Wassermann comenzó a trabajar en 1900 en las reacciones de fijación del complemento junto con Albert Neisser, quien había viajado a Java para estudiar la transmisión de la sífilis de algunos primates al hombre, y su ayudante Carl Bruck (ambos pertenecían al grupo de Breslau). Desarrollaron una prueba de detección de anticuerpos en personas infectadas por la espiroqueta (Treponema pallidum), proporcionando la base para el desarrollo del serodiagnóstico de la infección sifilítica («Eine serodiagnostische Reaktion bei Syphilis»). Esta reacción o prueba lleva el nombre de Wassermann o de Wassermann-Neisser-Bruck.

Sucedía este hecho un año después de que Richard Fritz Schaudinn (1871-1906) y Paul Erich Hoffmann (1868-1959) demostraran que el Treponema era el agente causal de la enfermedad. Wassermann hizo referencia a los trabajos que también habían desarrollado J.J.B. Bordet (1870-1961) y O. Gengou (1875-1957) en su búsqueda de una reacción parecida para el diagnóstico de la tuberculosis, y las ideas de Ehrlich sobre la formación de anticuerpos.

La prueba de Wassermann ha sufrido modificaciones, pero se extendió rápidamente. A finales de la década de los años veinte del siglo XX ya eran miles los trabajos que la citaban.
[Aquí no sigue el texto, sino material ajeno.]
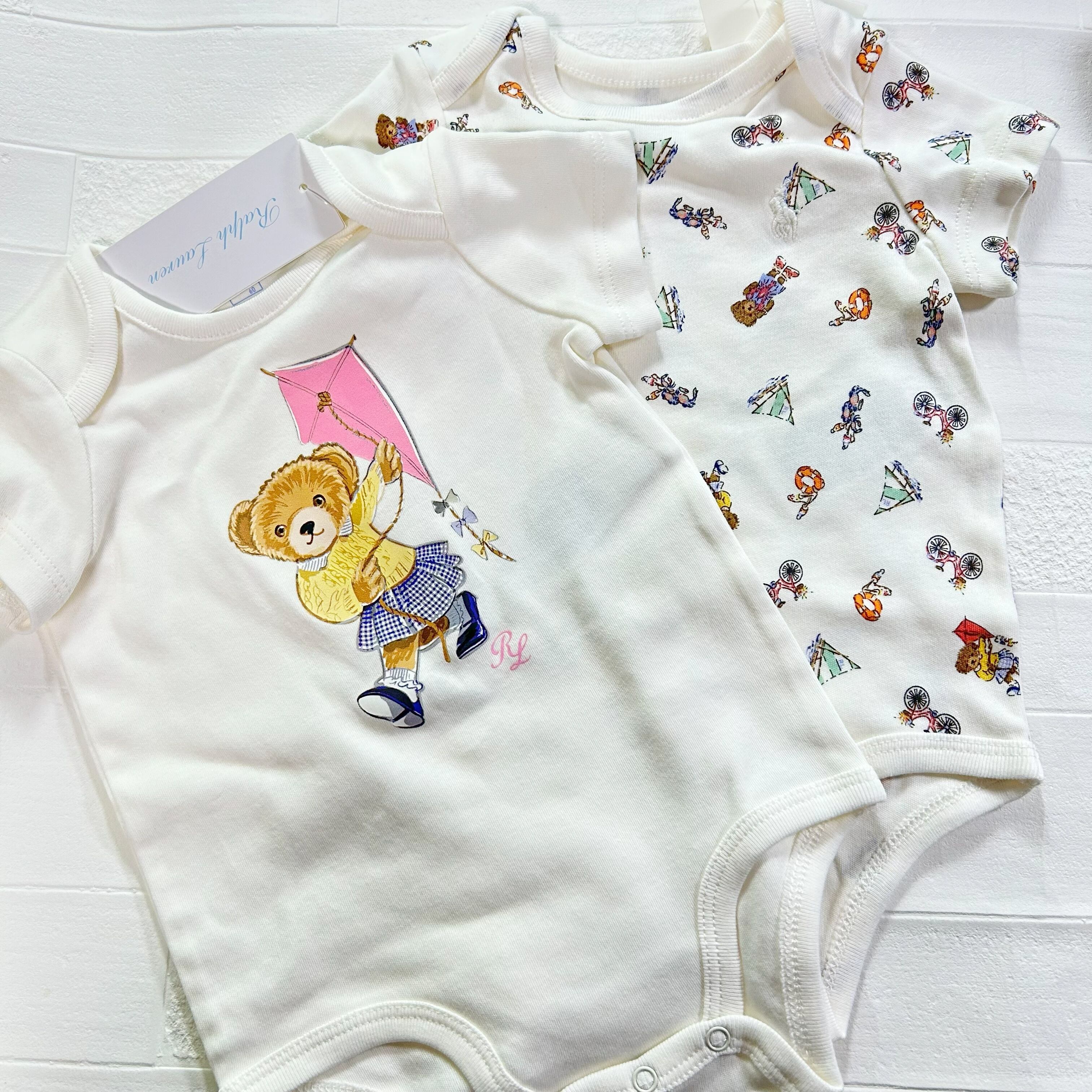 可愛いベア柄の半袖ロンパース2枚セットです。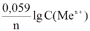 В электрохимическом ряду левее водорода расположены металлы стандартные электродные потенциалы которых имеют отрицательные значения,а правее – положительные значения. Например: φ0(Zn2+/Zn) = -0,76 В, φ0(Cu2+/Cu) = +0,34 В. Если условия отличаются от стандартных, то величину электродного потенциала рассчитывают по уравнению Нернста. Для металлического электрода уравнение имеет вид: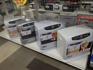 リサイクルマート富合店の店頭に石油ファンヒーターが並び始めました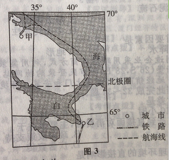 国重要的军事物黄补给线。图3示意该补给线的部分航线。据此完成24~26题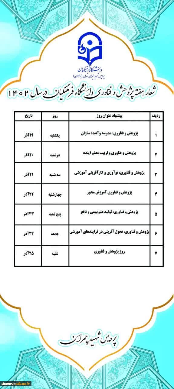 شعار هفته پژوهش و فناوری در دانشگاه فرهنگیان 2
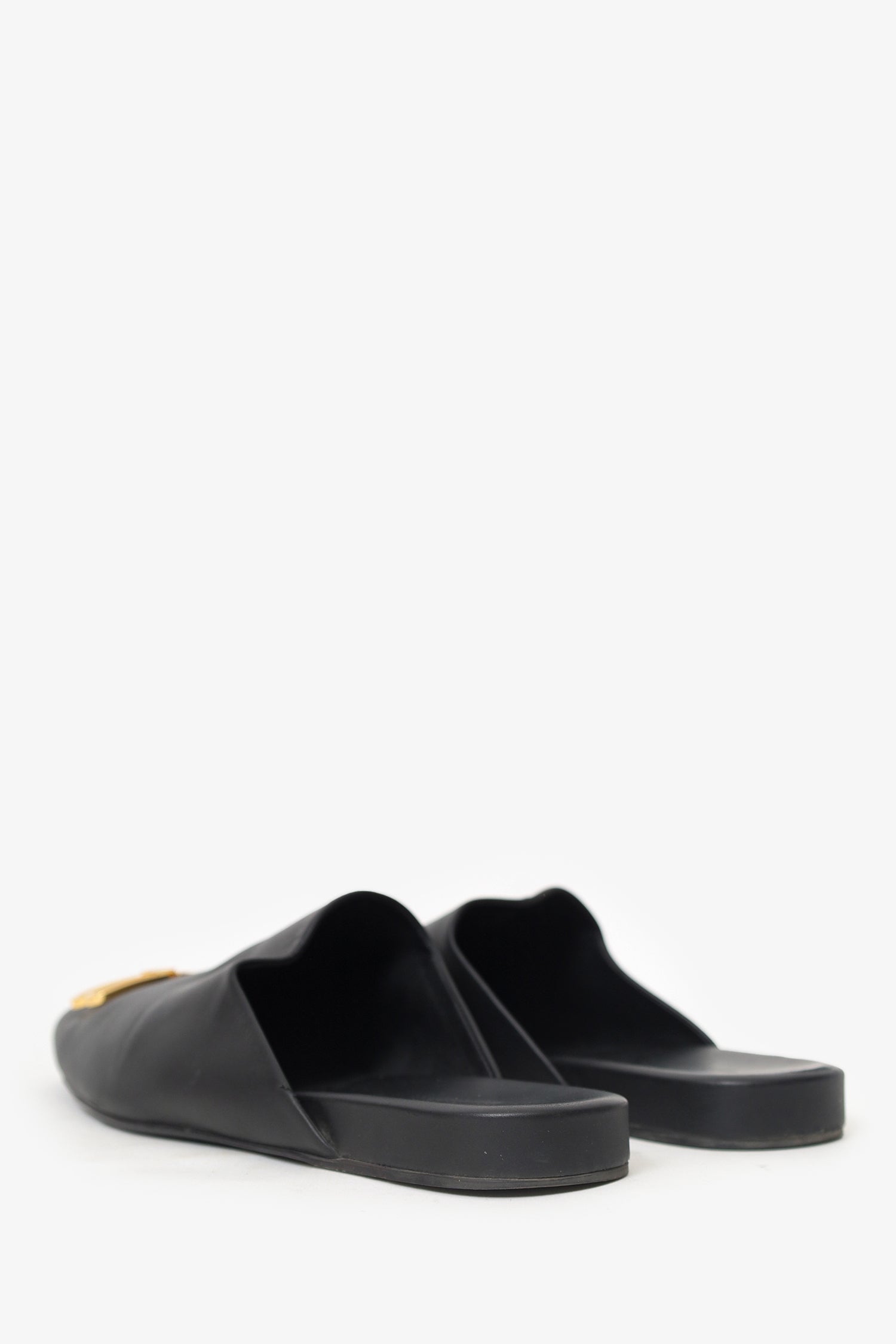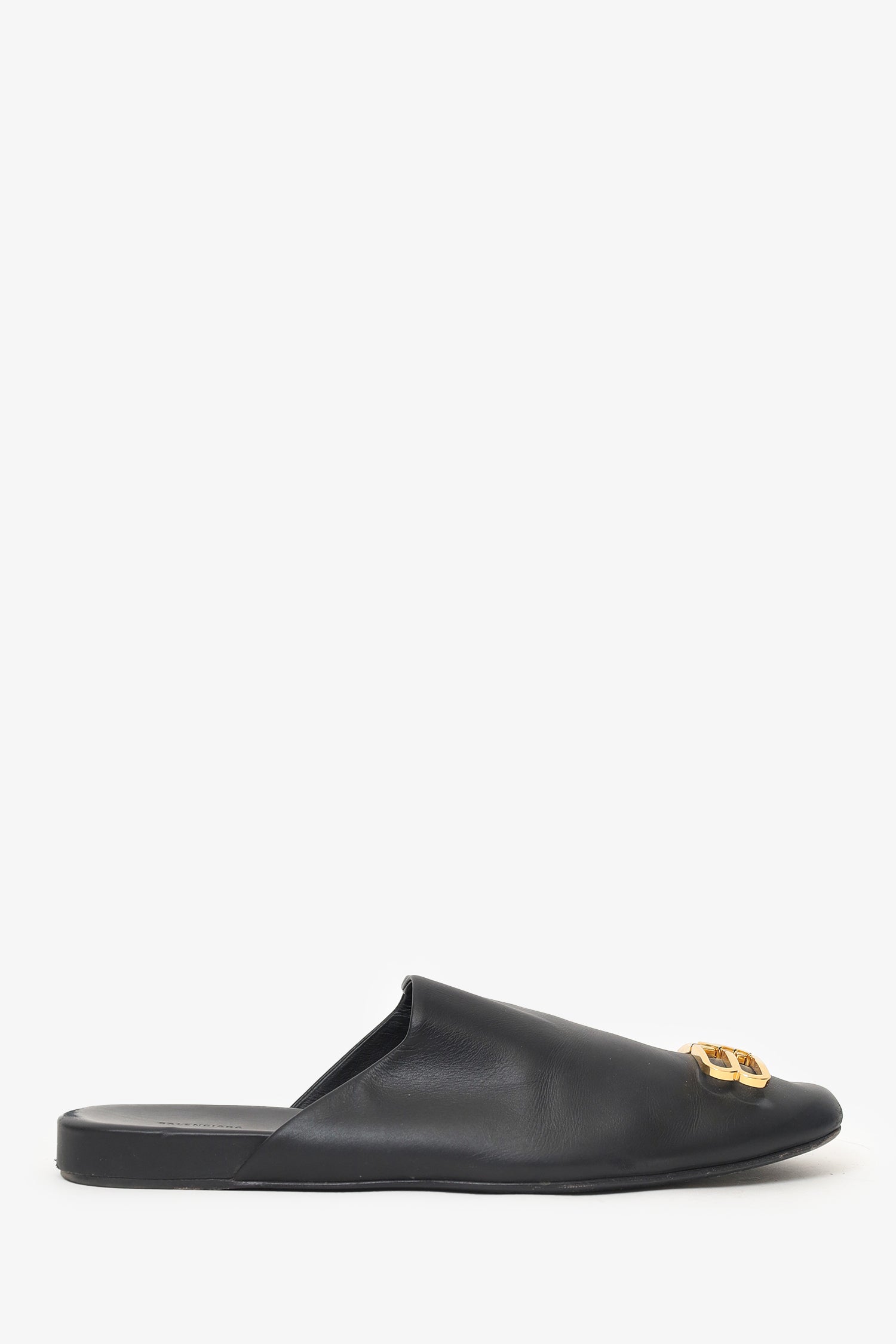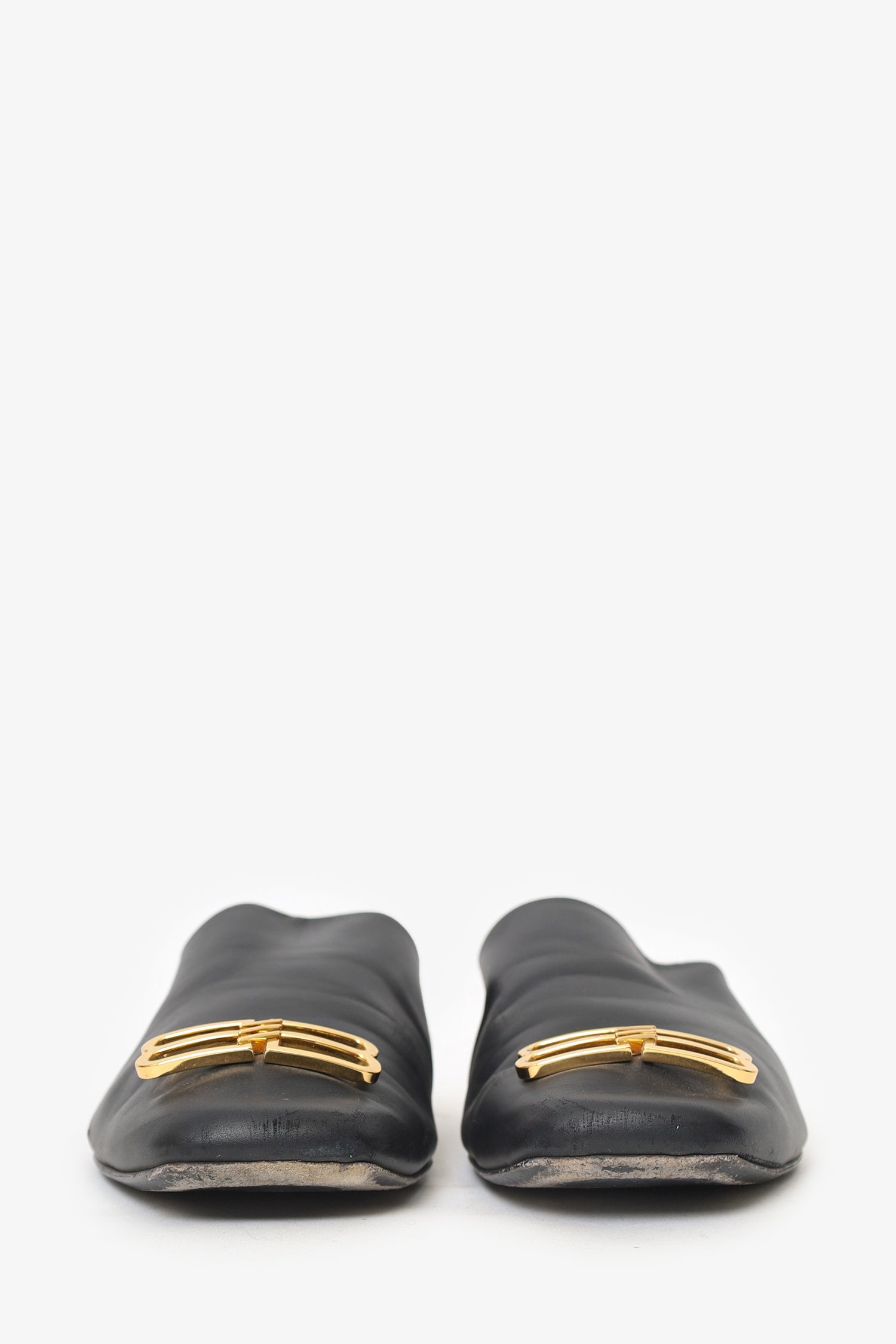 Balenciaga Black Leather 'BB' Slides. Slip-on. Squared-toe. Gold-tone hardware. Tonal stitching.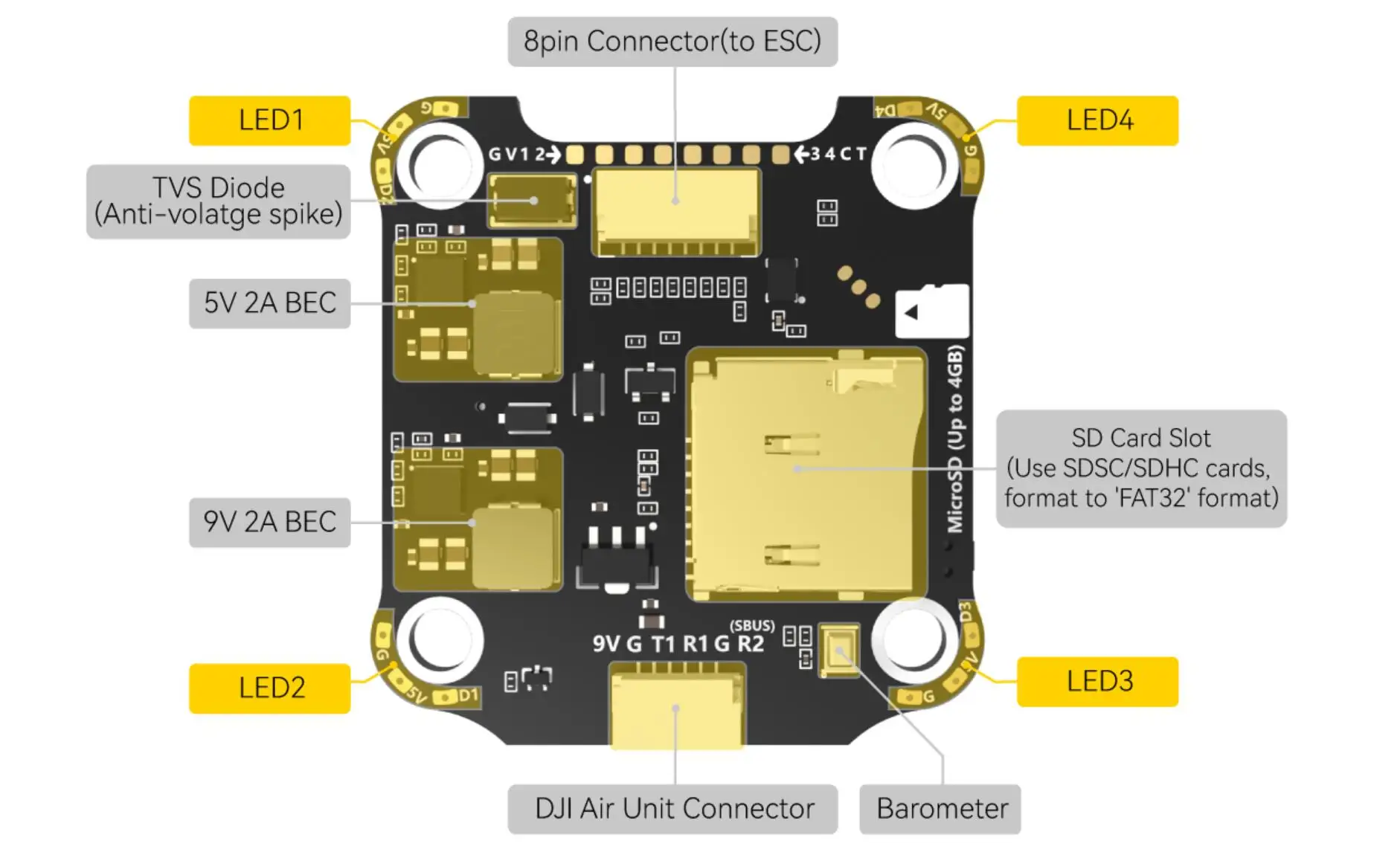 | Color | FC and ESC, Only F405 V3 FC, Only 60A ESC |

Con las aportaciones que supuso, también se abría el camino para la terapéutica, tema que fue desarrollado como sabemos, por Paul Ehrlich.

En 1913 se le creó el Instituto Kaiser Wilhelm de Investigación Terapéutica en Berlín. Cuando estalló la primera guerra mundial todo el equipo se trasladó al frente oriental en Rusia. Durante la última fase de la guerra, Wassermann fue nombrado jefe ejecutivo de la sección de higiene y bacteriología del Ministerio de Guerra Prusiano. En 1921 se reestructuró el Instituto y cambió su nombre por el de Instituto Kaiser Wilhelm de Terapéutica experimental y bioquímica.

Wassermann también trabajó en el tema de la fisiología y terapéutica de los tumores y en las reacciones del complemento en la tuberculosis, pero no llegó a alcanzar resultados tan destacados como los que logró con la sífilis.

Junto con Rudolf Graus fundó el Freie Vereinigung für Mikrobiologie en 1906. Fue presidente de la Akademie für die Wissenschaften des Judentums, y en 1921 fue premiado con el Premio Hans-Aronson. También recibió nombramientos honoríficos de Prusia, Bélgica, Japón, Rumanía, España y Turquía.

Parece que fue un hombre impulsivo, que vestía con elegancia, y era un magnífico orador. Según se dice, era capaz de explicar con claridad y sencillez temas complejos a audiencias poco preparadas.

Afectado por la enfermedad de Bright murió el 16 de marzo de 1925 en Berlín. Tras su muerte, el Instituto fue cerrado y sólo quedó como un departamento de inmunoquímica del Instituto kaiser Wilhelm de Bioquímica. En 1895 se había casado con Alice von Taussig; tuvieron dos hijos.